The Blog Turns Ten
There's a picture over at Wired that you really have to see.
It's of Jorn Barger, the first person to use the word "weblog." Barger coined the term, which has been shortened to the now-ubiquitous "blog," ten years ago yesterday. He used it "to describe the list of links on his Robot Wisdom website that 'logged' his internet wanderings," as Wired puts it.
In the picture, Barger, clad in a blue t-shirt, doesn't exactly look like your office IT geek. He's got a long, scraggly beard, and long tufts of hair shoot out from beneath his ratty "Google" cap. Barger looks like he was working the land in remote mountains somewhere until he gave it all up to get his startup off the ground.
And in terms of a representative of the blogging phenomenon – not to mention the whole internet, really – you couldn't ask for much more.
Think about it: Ten years ago, the truly industrious folks who wanted to share opinions or interesting articles might have had a newsletter.
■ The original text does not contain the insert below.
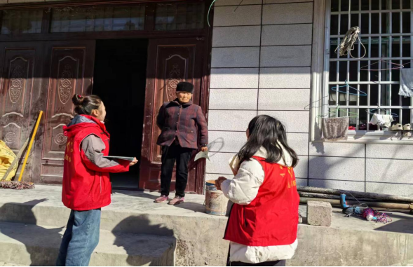 图为青坪镇村干部、志愿者组成宣传小分队,走村串户宣传秸秆禁烧限烧、森林防灭火知识

Today, thanks to the drastically reduced barriers to entry that the internet has provided, blogs have taken their place – there are 100 million of them at the moment, according to Technorati, and that number is growing.
Thanks to blogs, no matter how remote you might be, you're now easily interconnected. They've given us windows into warzones, shown us the minds of foreign leaders, and offered insights into everything from tort reform to gay square dancing, to mention just a tiny fraction of the total picture.
The Wired article features plenty of quotes about What It All Means, and you can head over there for the full treatment. One could write a book about how much blogs mean – in fact, folks have – but on the 10-year anniversary of the medium, this particular blog, a tiny voice in the cacophany, simply wanted to simply pay its respects. Blogs can be monumental or inconsequential, insular or wide open, enlightening or enraging. They have made the whole spectrum of human thought available, in all its messy glory, in the click of a button. And what's more revolutionary than that?